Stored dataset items
== Segment start ==

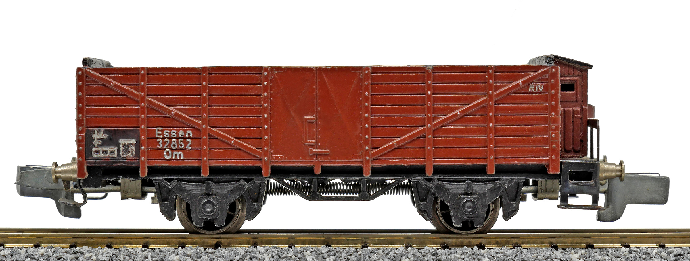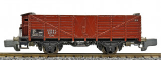 | otevřený nákladní vůz červenohnědý s brzdařskou budkou |
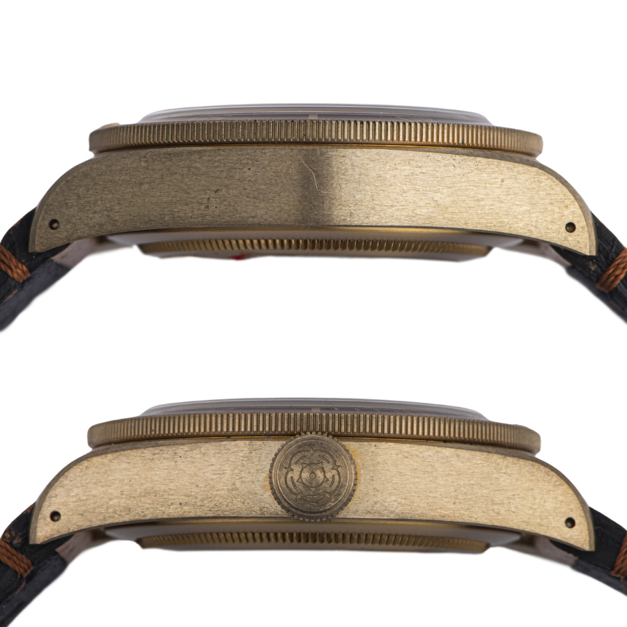 | コンディション | ガラス:欠けやキズはありません 文字盤、針:大変綺麗な状態 ベゼル:特筆すべきダメージはなく大変綺麗な状態 ケース:ケースサイドに使用に伴う小傷が御座います。ブロンズ特有の経年劣化は少なく綺麗な状態 ストラップ:使用感は少なく、大変綺麗な状態 |
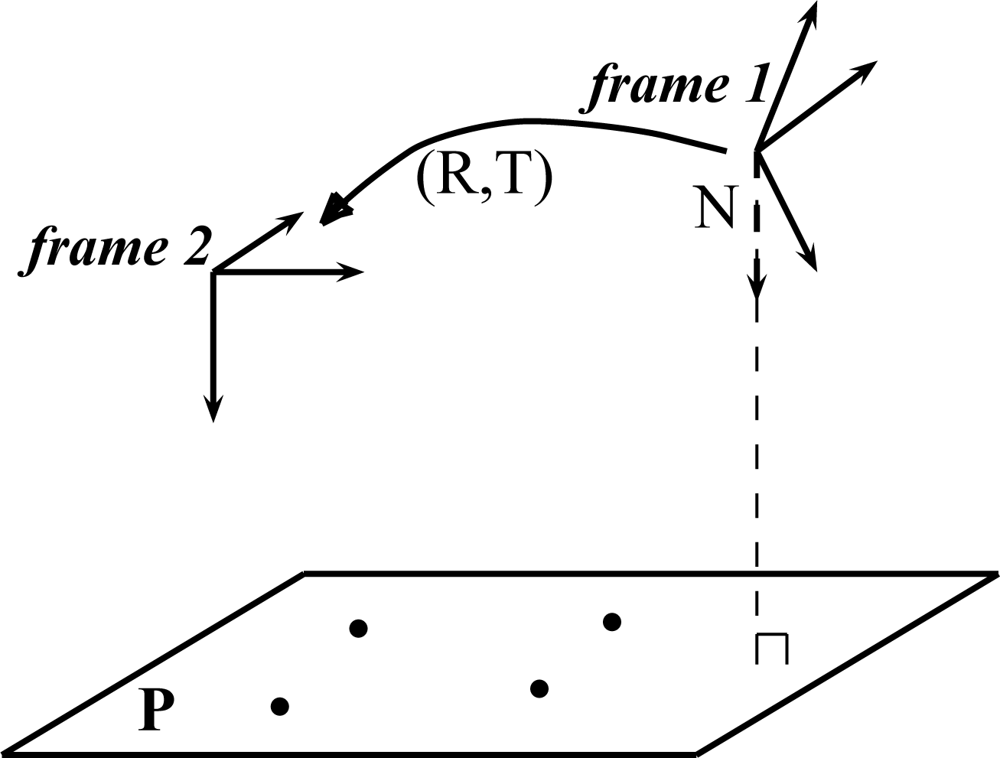 where the matrix K1 and K2 respectively are the intrinsic matrix of the two cameras, R represents the rotation, T represents the translation vector (R and T represent the motion between the two cameras), N and d represent the parameters of the plane in the camera 1.
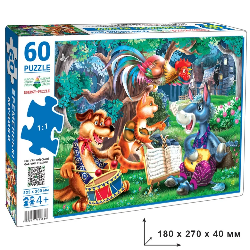 На ігровому полі розміром 235 х 330 мм зображено сюжет з казки БРЕМЕНСЬКІ МУЗИКИ. Поле розрізане кривими лініями на 60 частин, з яких потрібно зібрати цілу картинку.
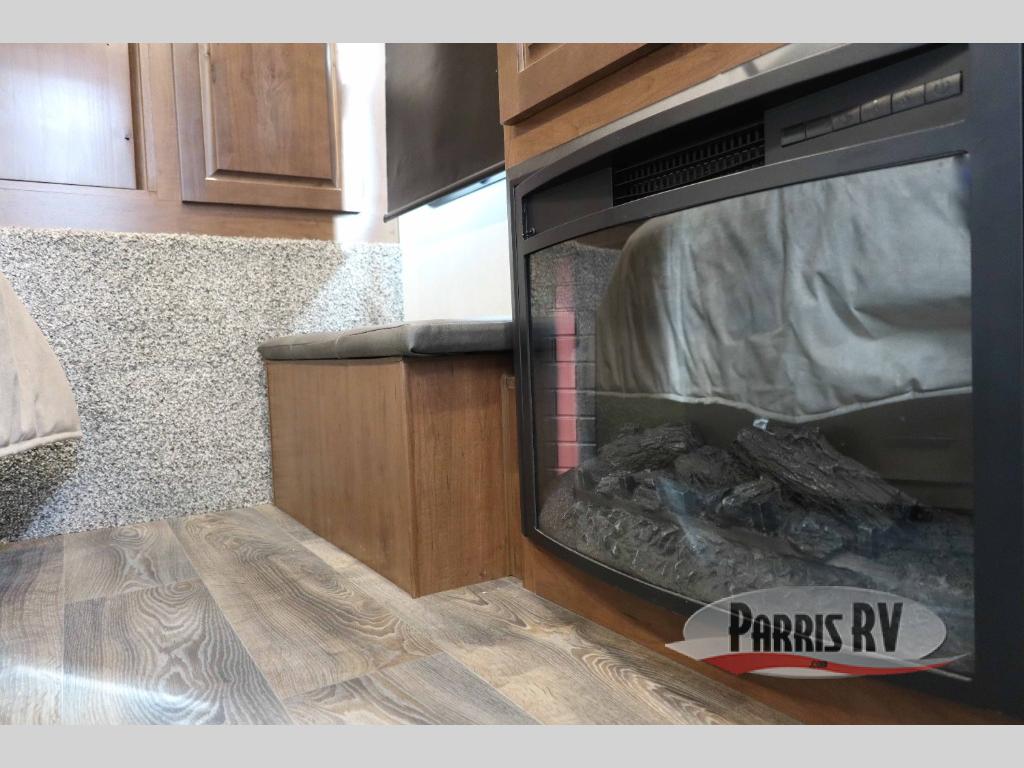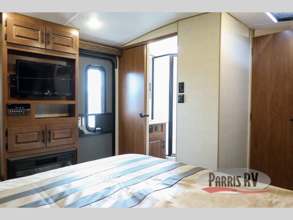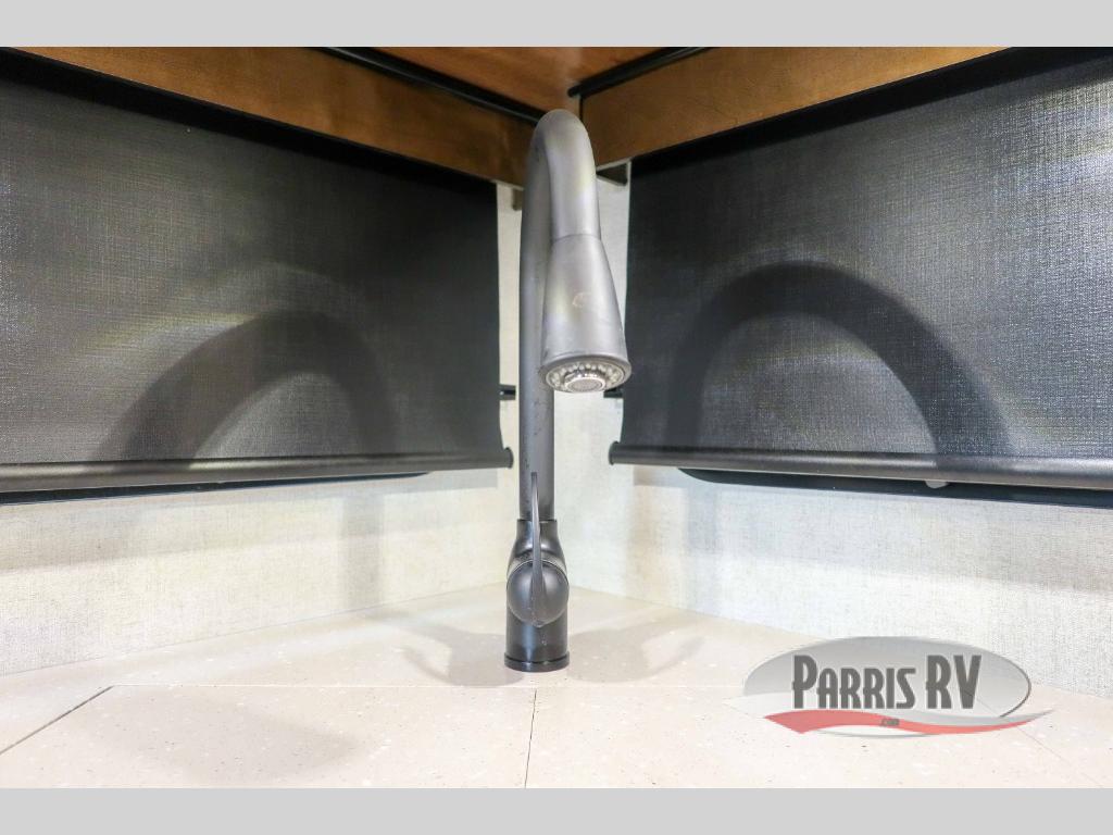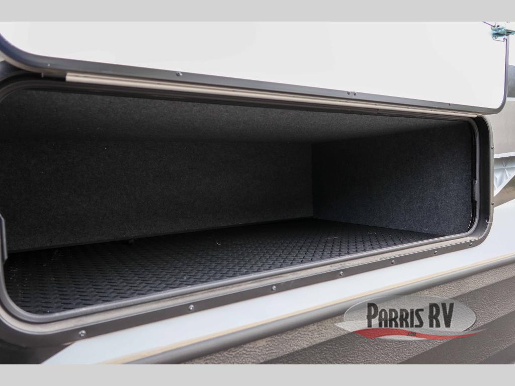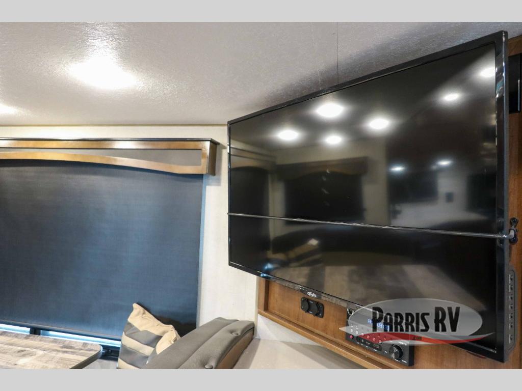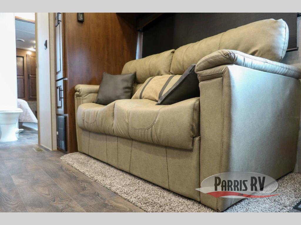 This rear kitchen travel trailer is made spacious thanks to the mountain dinette slide out in the main living area and the queen bed slide out in the front bedroom. You will also find a bench hamper and front wardrobe in the bedroom, along with your own exterior entry door. A sleeper sofa provides more sleeping space in the middle living room and the 40" TV will let you enjoy movie nights. And don't overlook the rear kitchen with plenty of counter space, a farm sink, and a sunken range with a glass front.

== Segment end ==

*TRY IT*
Would you give the entries above again verbatim, omitting the images they contain?

*OUTPUT*
 | otevřený nákladní vůz červenohnědý s brzdařskou budkou |
 | コンディション | ガラス:欠けやキズはありません 文字盤、針:大変綺麗な状態 ベゼル:特筆すべきダメージはなく大変綺麗な状態 ケース:ケースサイドに使用に伴う小傷が御座います。ブロンズ特有の経年劣化は少なく綺麗な状態 ストラップ:使用感は少なく、大変綺麗な状態 |
 where the matrix K1 and K2 respectively are the intrinsic matrix of the two cameras, R represents the rotation, T represents the translation vector (R and T represent the motion between the two cameras), N and d represent the parameters of the plane in the camera 1.
 На ігровому полі розміром 235 х 330 мм зображено сюжет з казки БРЕМЕНСЬКІ МУЗИКИ. Поле розрізане кривими лініями на 60 частин, з яких потрібно зібрати цілу картинку.
 This rear kitchen travel trailer is made spacious thanks to the mountain dinette slide out in the main living area and the queen bed slide out in the front bedroom. You will also find a bench hamper and front wardrobe in the bedroom, along with your own exterior entry door. A sleeper sofa provides more sleeping space in the middle living room and the 40" TV will let you enjoy movie nights. And don't overlook the rear kitchen with plenty of counter space, a farm sink, and a sunken range with a glass front.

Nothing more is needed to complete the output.